Generate the entire dataset with the command:

just generate_dataset
When creating really large datasets (e.g. with a total of more than 100 000 images) you may want to increase nb_processes to take profit of the multiprocessing capabilities of you PC. A good value is nb_processesnb_cores, where nb_cores is the number of cores avaible on your CPU.

Run the entire pipeline

You can run the entire data creation pipeline with the following command:

just generate-all

Cleaning data

Clean the generated data with just clean-data, or with just clean if you also wish to remove the virtual environment.

The hard case: 3D objects

Overview

The pipeline presented above can be reused to create datasets for 3D objects. However, the creation of png files containing the objects to copy-paste onto the background images is far more complicated than just using a script to generate random perspectives and illuminances.

If the process is more complicated for 3D objects than for 2D objects, it is still worth the effort as the generation of an entire dataset remains cheaper and less time consuming than assembling and annotating a dataset of 'real' images.

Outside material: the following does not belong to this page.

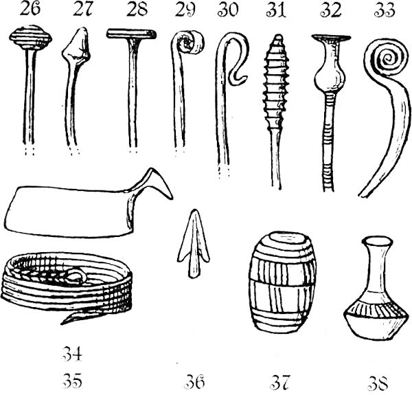 Weniger deutlich tritt der Zeitunterschied beider Gruppen in den Bronzebeigaben hervor. Geflügelte Pfeilspitzen (36), Messerklingen, zuweilen ein Angelhaken vertreten das Kleingerät des täglichen Gebrauchs; einfache oder spiralgewundene Finger- und Armringe aus glattem oder tordiertem Draht (35), flache Knöpfe mit Ösen, Röllchen aus spiraliggewundenem Draht oder Bronzeband, flache Drahtspiralen, zum Teil vielleicht Bruchstücke von Brillenfibeln (33), den Kleinschmuck. Derartige Dinge kommen in beiden Gruppen vor und haben sich aus der älteren bis in die jüngere Zeit vererbt. Sehr beliebt scheinen Schmucknadeln (26 bis 32) gewesen zu sein, die sich überall vorfinden. Solche mit quergeriefelt-linsenförmigem (26), kugeligem, kegel- (27) oder scheibenförmigem Kopf (28) oder mit breitgehämmertem, eingerolltem Ende (29) treten in den älteren wie jüngeren Bronzezeitgräbern auf, in den ersteren auch hirtenstabartig gebogene (30), in den letzteren solche mit quergeripptem, keulen- (31) oder mit vasenförmigem Kopf (32). Viereckige Rasiermesser mit Griffansatz (34) gehören zu den Beigaben der jüngeren Gruppe. Auch Edelmetall, Gold, ist den bronzezeitlichen Bewohnern unsrer Gegend nicht unbekannt gewesen, wie kleine Spiralröllchen und Armringe bezeugen. Scheiben- und erbsenförmige Perlen aus Ton oder Bernstein, tönerne Spinnwirtel und pyramidenförmige Gewichte, weiter kleine Ringe und Anhänger (Amulette?) aus flachen Steinen und flaschenförmige Tonklappern (38) in der jüngeren, ei- oder tonnenförmige (37) in der älteren Gruppe vervollständigen das Inventar der Gräber, in deren Steinsetzungen auch Getreidemühlen aus Sandstein oder Quarzporphyr zuweilen Verwendung gefunden haben.

In this case, the objects must be created using a 3D modeling software such as Blender.

An example of synthetic dataset creation for firearms detection

Blender is a useful tool to create synthetic data because it is oriented towards scenes creation. Indeed, to have a good variety of png objects, it is necessary to vary the angle of view, lights, the focal length, and even parameters of the objects itself, if the real ones have form and color variety. Once the scene is scripted, the images can be exported to png files.

Note

Blender has its own Python API to facilitate scene automation and png exportation.

Once the png files has been created, the procedure is the same as in the 2D case: one can add the classes in the config file (params/config.yml) and generate the dataset with the command just generate_dataset.

Example of result obtained after training a Yolov5 model on 700 000 images containing 1.4M objects in total. This detection was given by a Kalman-filtered version of Yolov5, hence the two confidence scores.